I wonder if he immediately fell over. :)
finish the sentence, stupid.
+ when he dropped the keg. You know, since the big toe = balance.
I would think so. In that "O HOLY SHIT PAIIIIIN" sense of the reason, at least...
he can always think of new and interesting stories to tell people why his big toe is gone. I mean, that's what *I'd* do if I were missing a toe or something. Keep several stories around to tell people when they ask. I'm just saying. ;)
"How'd you lose your toe?"
"Knife fight with a rival frat."
"How'd you lose your toe?"
"Escaped lemur at the Houston Zoo."
See, and he should tell stories that are blatant lies, 'cause "so there was this rabid beer keg, right" stories just don't have the same... je ne sais quois.
One of my mom's classmates has a piece of her earlobe missing, where they apparantly had to remove a cyst or something like that. Problem is, when she mentions that, suddenly people want to know what caused the cyst, did it hurt, etc.
So now when asked, she says a guy ripped it off her ear during a gunpoint robbery in an alleyway. Every time she is asked again in a short time period, she comes up with a more elaborate version of the story. Apparantly having a chunk of your ear ripped out by a robber is less interesting than having it taken out by a surgeon.
Apparantly having a chunk of your ear ripped out by a robber is less interesting than having it taken out by a surgeon.
wait wait wait. I read that wrong the first time... weeeird (no, honestly), that the truth is more interesting.
After I become Emporer of the Known Universe, I'm gonna have to make sure everyone else speaks and spells English correctly like I do.
please, please tell me you fucked up "Emperor" on purpose.
Erm... well, when I become Emporer, that's how it'll be spelled. Kids will be required to recite the new correct spelling verbatim in class. Vinyl records with a reading of the correct spelling will be provided.

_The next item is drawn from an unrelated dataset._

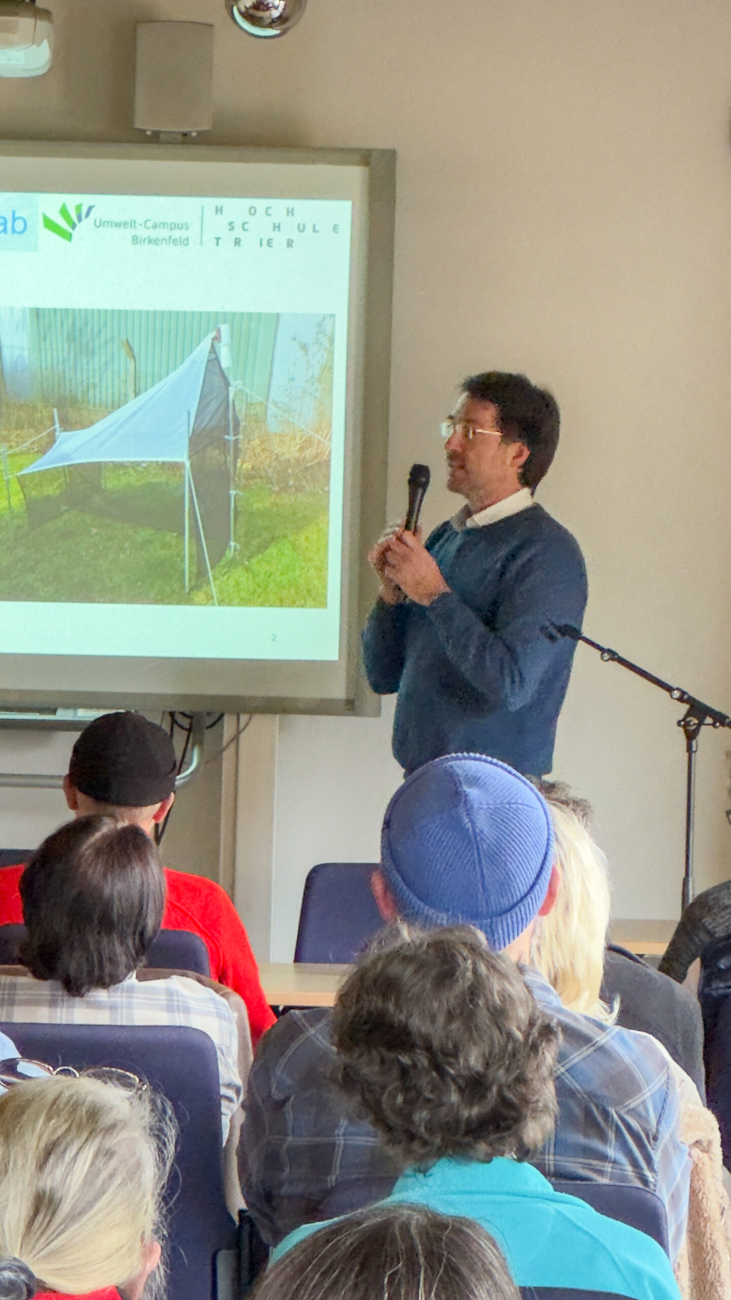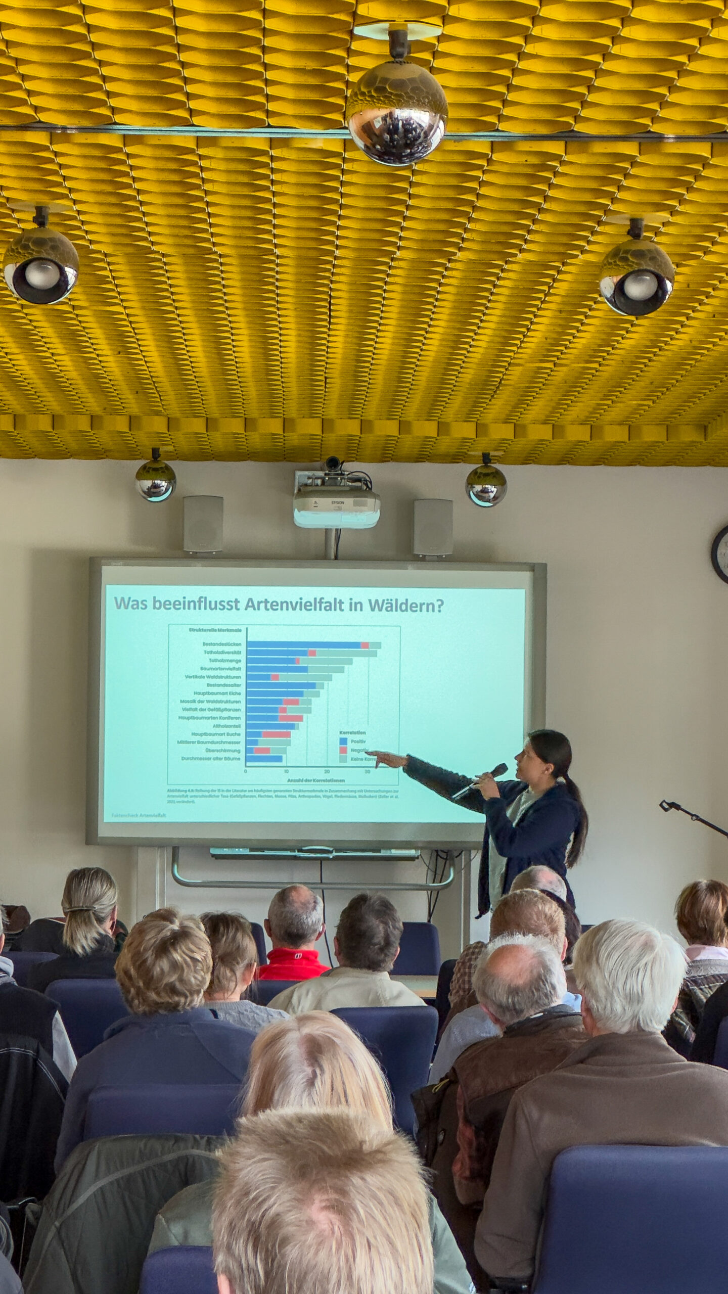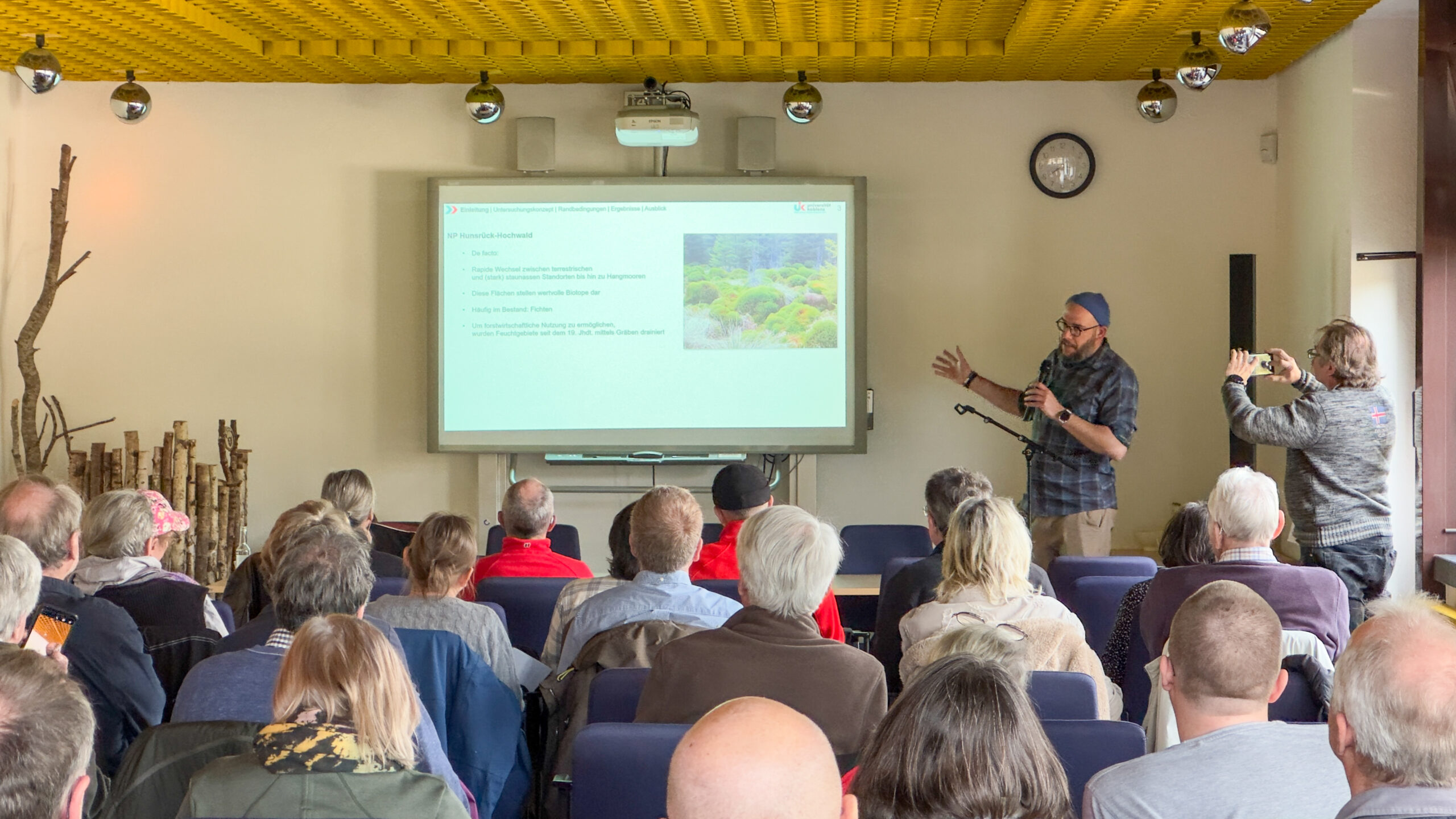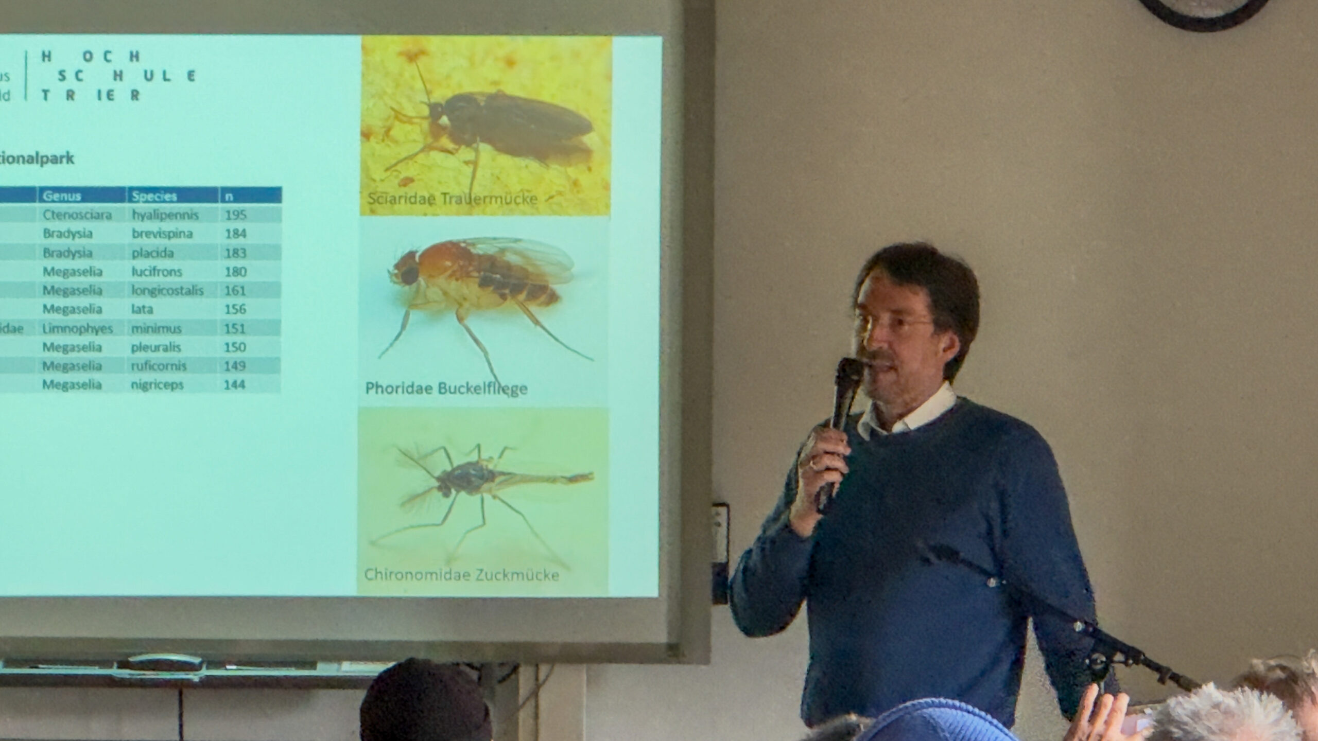Am Samstag im bis auf den letzten Platz gefüllten Vortragssaal des Rangerstützpunkts vermittelten vier Fachbeiträge einen Eindruck über aktuelle Forschungs-Themen des Nationalparks. Dr. Martin Mörsdorf und Johannes Hoffmann aus der Abteilung 3 des Nationalparkamts referierten über das neue Forschungsprojekt FORTUNA, dass die Entwicklung ehemaliger Kalamitätsflächen erforscht. Dr. Kerstin Pierick von der Georg-August-Universität in Göttingen stellt die Erkenntnisse aus dem Forschungsvorhaben BetaFor vor, an dem sich der Nationalpark Hunsrück-Hochwald auch beteiligt hat. Hierbei wurde die Biodiversität in Buchenwäldern mit unterschiedlichen Waldstrukturen und Totholzvorkommen untersucht. Die Entwicklung der Insektenvielfalt entlang eines Höhengradienten im Nationalpark Hunsrück-Hochwald erforschte Prof. Stefan Stoll vom Umwelt-Campus mit seinem Team – 116 Arten der hier entdeckten Insekten befinden sich auf der Roten Liste. Zur Dynamik des Wasserabflussgeschehens der renaturierten Moorflächen, auch im Hinblick auf die Erderwärmung stellten Dr. Julian J. Zemke und Kollegin ihre Ergebnisse der Wassermessungen vor.

I'll kill you. (oh, right, like they'll suspect a guy in a t-rex costume of being dangerous.)
*tiptoes in the T-rex-suit*
That reminds me, you met the blonde girl from SMU who went to AggieCon dressed as a dragon, right?
(If you don't remember her, do you remember the girl in the chainmail bikini? Same girl).
Allee? or which one? (it was a dinosaur, i think...)
Yeah, Allee, and it was a dragon. She is apparantly the mascot for Lazy Dragon (I don't think the poor girl has a clue what she's getting into there).
Did I ever tell you about my buddy Javo in college?
He was a big guy, around 6'3", 220, Marine ROTC. He wore his Marine ring ALL THE TIME.
One night he was in one of the campus parking garages and he jumped up to smack one of the girders overhead (Why do guys do that, btw? Not like I haven't, but I wonder why we feel the impulse.). Anyway, he hit it "just right" so the edge of the steel hit just between the bottom of his ring and the where the finger joins the palm. He hung up for about half a second until his finger tore off.
They couldn't reattach it.
Oh my fking ....
I probably would've thrown up right then if I'd seen that.
I wasn't there when it happened. I saw him a couple days later after he came out of the initial painkiller haze and was walking around with the bandage on his hand.
Lucky for him the guy he was with had completed corpsman or medic training just a few months before; so there was top notch first aid at the scene.
I went to interview at baldeagle
's company right around when I graduated. They shuffled me around in a bunch of offices, since I'm not sure they realized I was actually going to show up for the interview--I was on time, they'd forgotten. One of these shuffels was into some HR person's office, wherein there was a guy waiting on a workman's comp claim because he pinched his index finger AND thumb off, under a skid coming to rest, that weighed something like 60000 pounds. How one hand will help at all, when moving something that heavy, with a crane, I'll never know.
Not exactly the most reassuring thing, it wasn't.
Nu uh. Top notch would be one of the guys having a bag of ice handy to put the finger on so they could put the fucker back on. :)
Ice wasn't the issue. If I recall correctly, he was at the hospital in less than 20 minutes. It was too jagged and mangled to put back on.
Props to his buddy for jumping up and fishing the finger out of the trough of the girder so they could even try.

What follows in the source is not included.